Task details:
Leaving the pictures aside, reproduce the data in full and word for word.

□ □ □ □

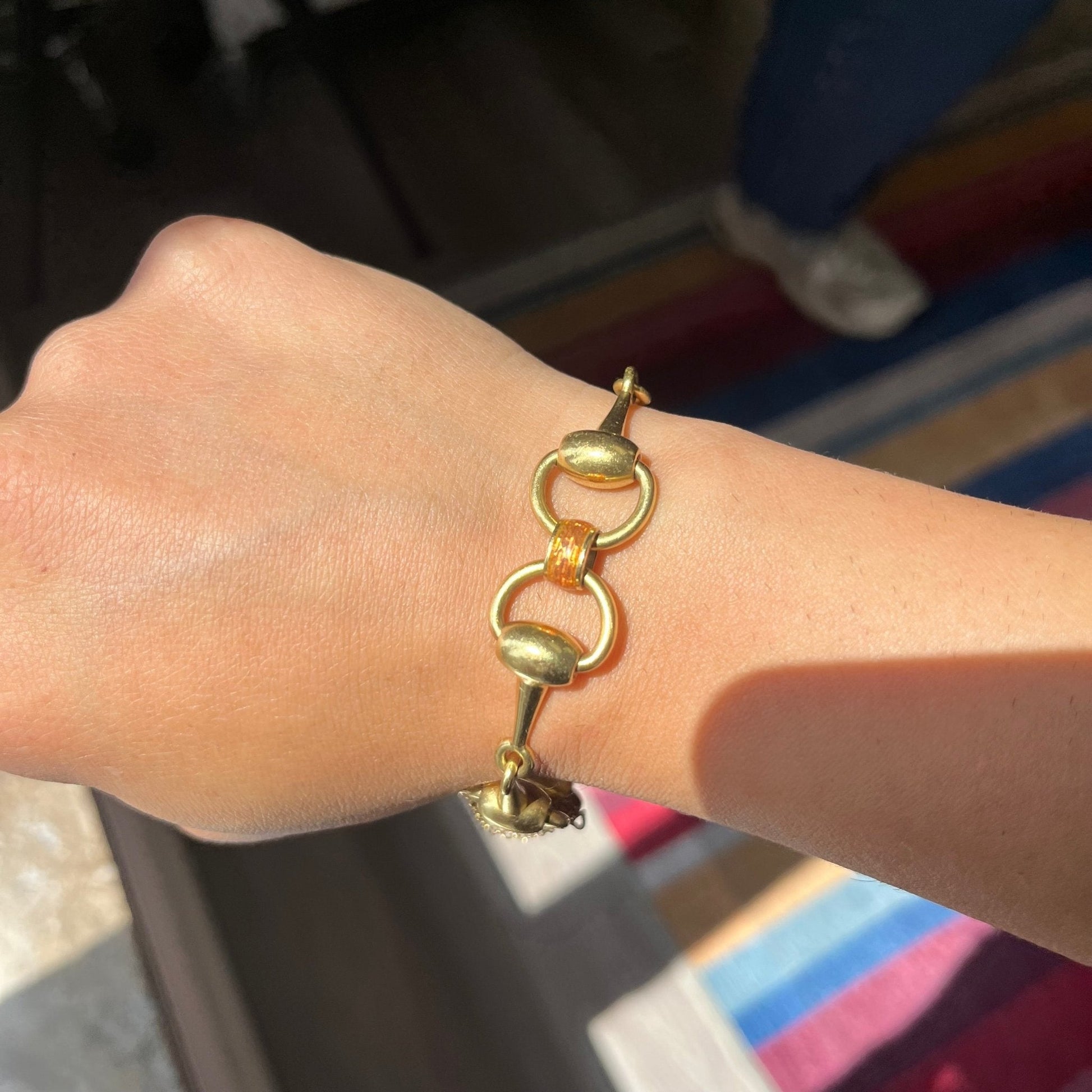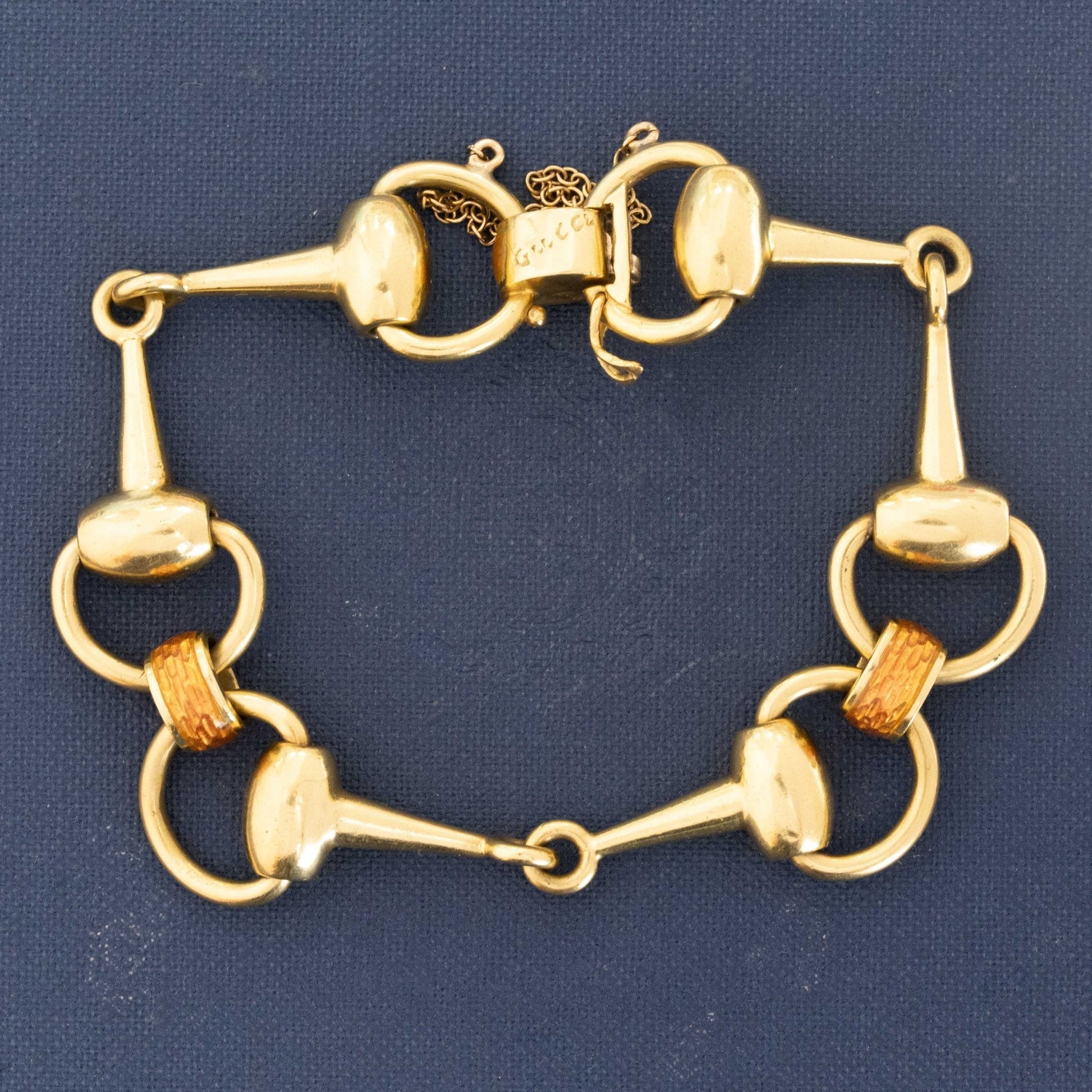 We've come across a few of these Gucci horsebit gold link bracelets, but none with enamel! The bold, elongated links span the wrist beautifully, with bits of crisp orange enamel peeking throughout. A chic wrist adornment that can only come to us from the old house of Gucci
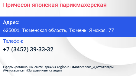 Причесон, японская парикмахерская по адресу 625001, Тюменская область, Тюмень, Ямская, 77 в дальнейшем Организация, размещена в следующих категориях:
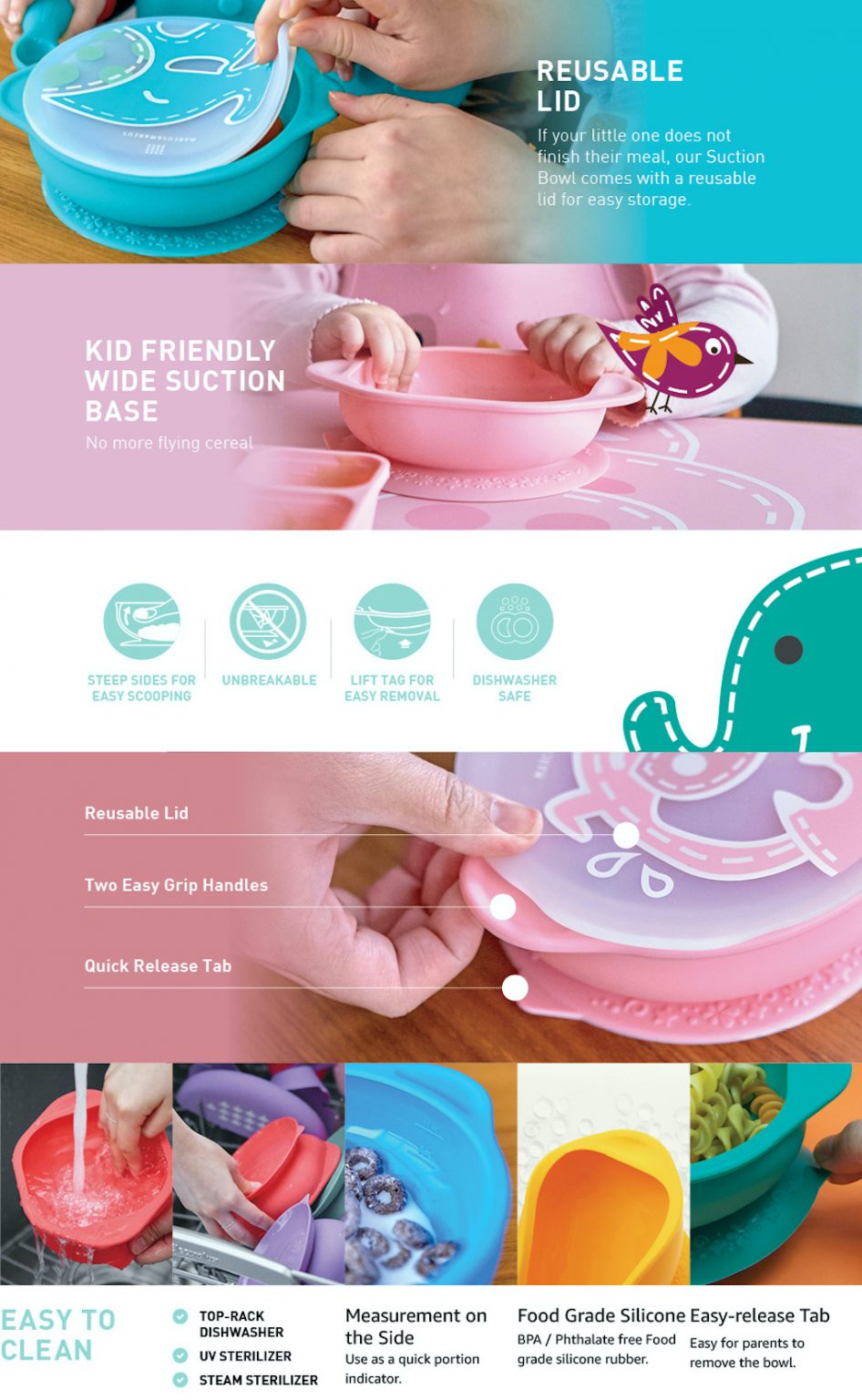 If your little one does not finish their meal, our Suction Bowl comes with a reusable lid for easy storage. Our suction bowls are made of BPA and phthalate free food grade silicone and are microwave safe and freezer safe.
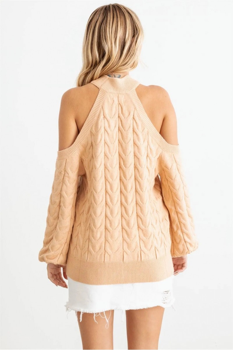 Cable Knit Mock Neck Cold Shoulder Long Sleeve Sweater
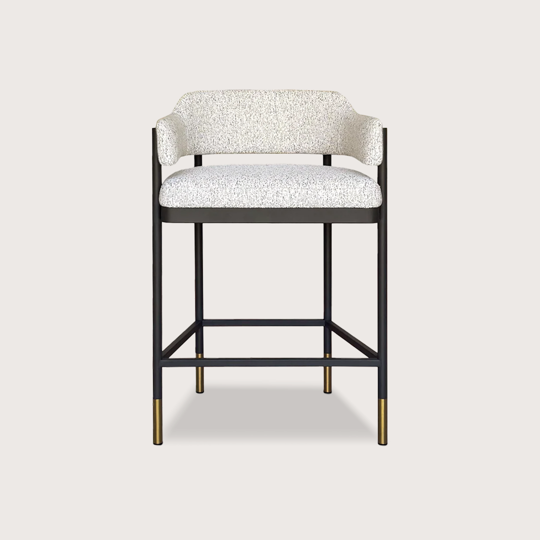 Elevate your dining space with the Santi Barstool, a perfect fusion of contemporary chic and comfort. Its curved open back features a dark graphite iron coated frame with brushed brass accents, adding a luxurious touch. Upholstered in a light tonal beige tweed, it combines style with warmth.
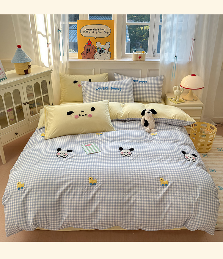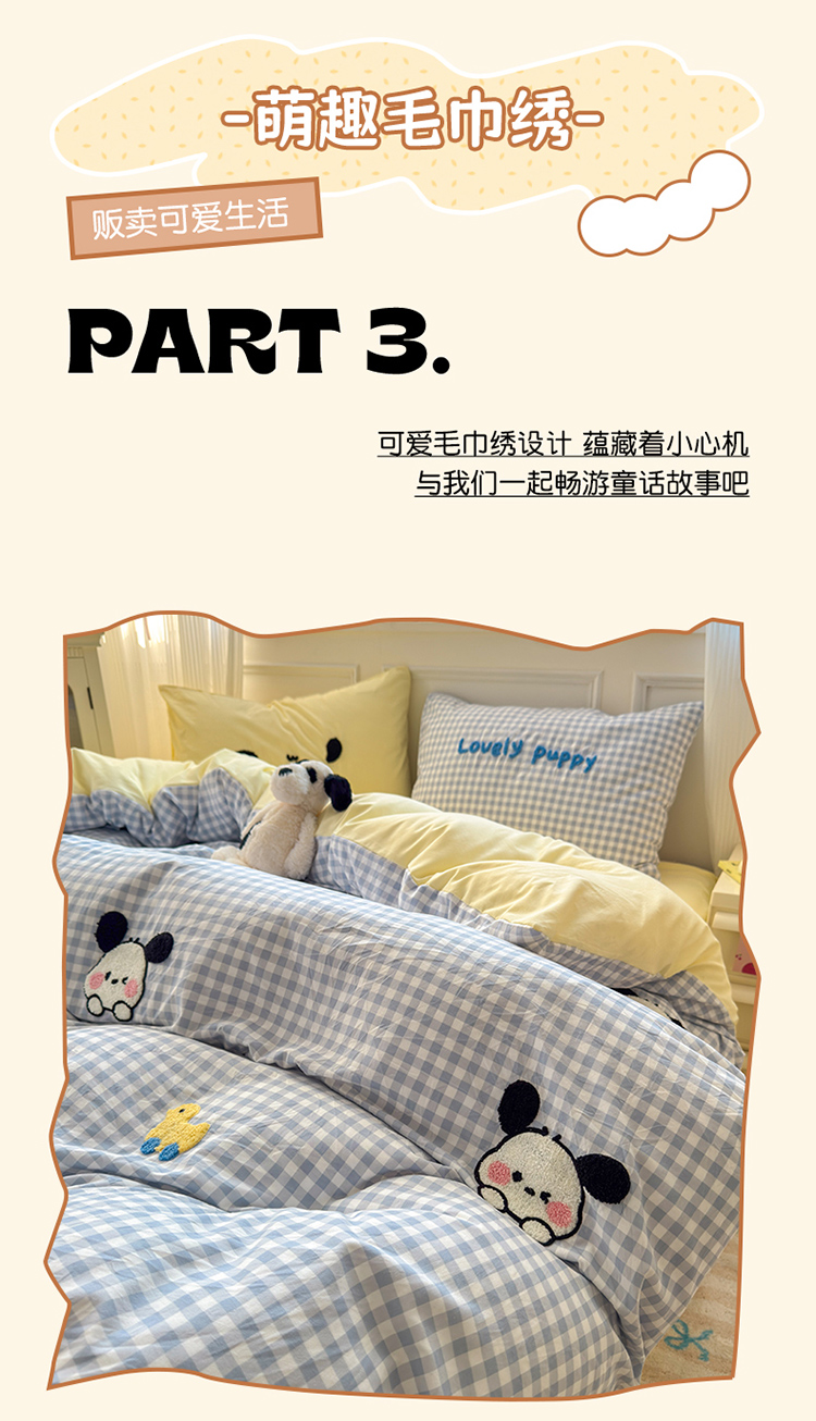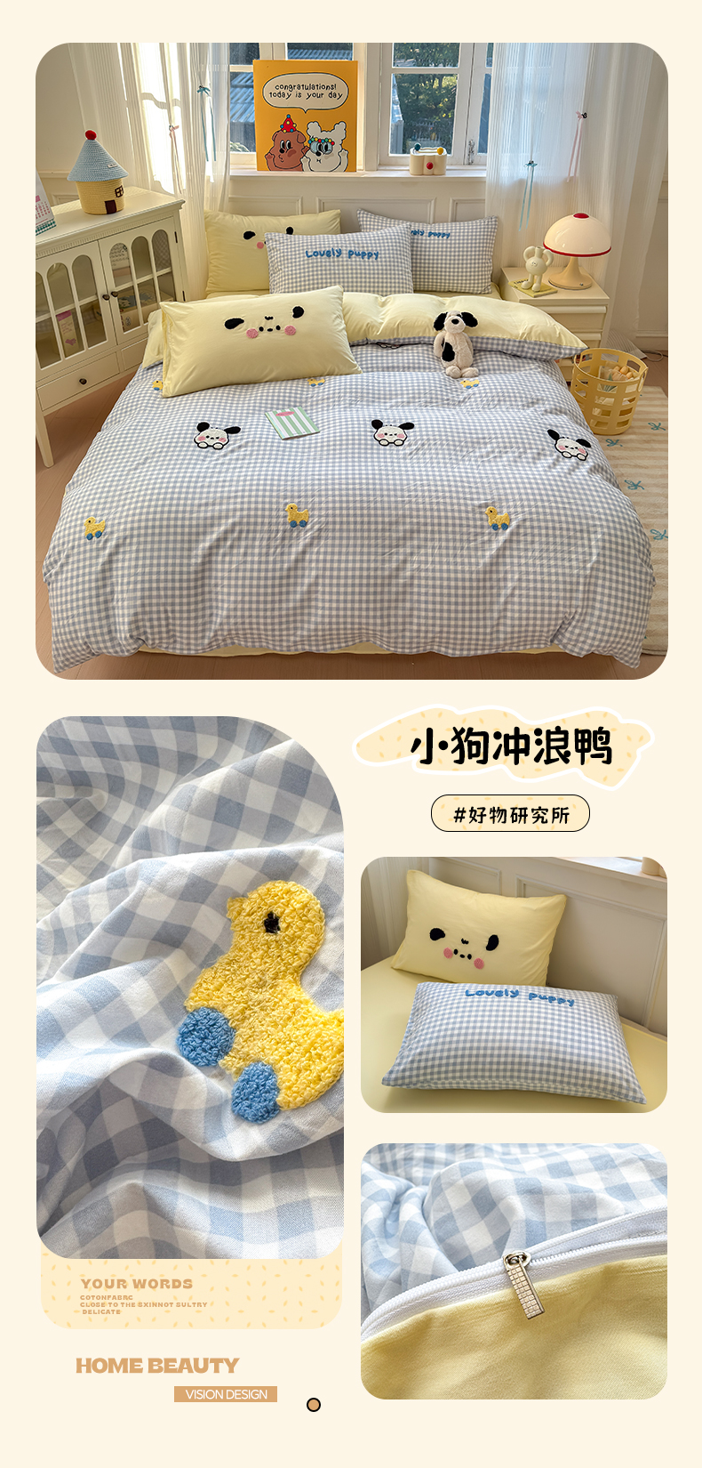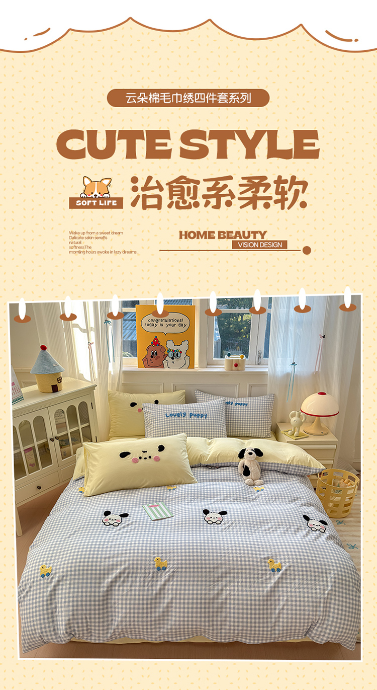 当前位置: 91家纺网 > 商品网购 > 床品套件 > 四件套 > 其它四件套 > 罗亿家纺 2025新款韩版糯糯棉(110克)毛巾绣四件套-场景三(提供买家秀) 小狗冲浪鸭

□ □ □ □

Solution to this exercise:
 We've come across a few of these Gucci horsebit gold link bracelets, but none with enamel! The bold, elongated links span the wrist beautifully, with bits of crisp orange enamel peeking throughout. A chic wrist adornment that can only come to us from the old house of Gucci
 Причесон, японская парикмахерская по адресу 625001, Тюменская область, Тюмень, Ямская, 77 в дальнейшем Организация, размещена в следующих категориях:
 If your little one does not finish their meal, our Suction Bowl comes with a reusable lid for easy storage. Our suction bowls are made of BPA and phthalate free food grade silicone and are microwave safe and freezer safe.
 Cable Knit Mock Neck Cold Shoulder Long Sleeve Sweater
 Elevate your dining space with the Santi Barstool, a perfect fusion of contemporary chic and comfort. Its curved open back features a dark graphite iron coated frame with brushed brass accents, adding a luxurious touch. Upholstered in a light tonal beige tweed, it combines style with warmth.
 当前位置: 91家纺网 > 商品网购 > 床品套件 > 四件套 > 其它四件套 > 罗亿家纺 2025新款韩版糯糯棉(110克)毛巾绣四件套-场景三(提供买家秀) 小狗冲浪鸭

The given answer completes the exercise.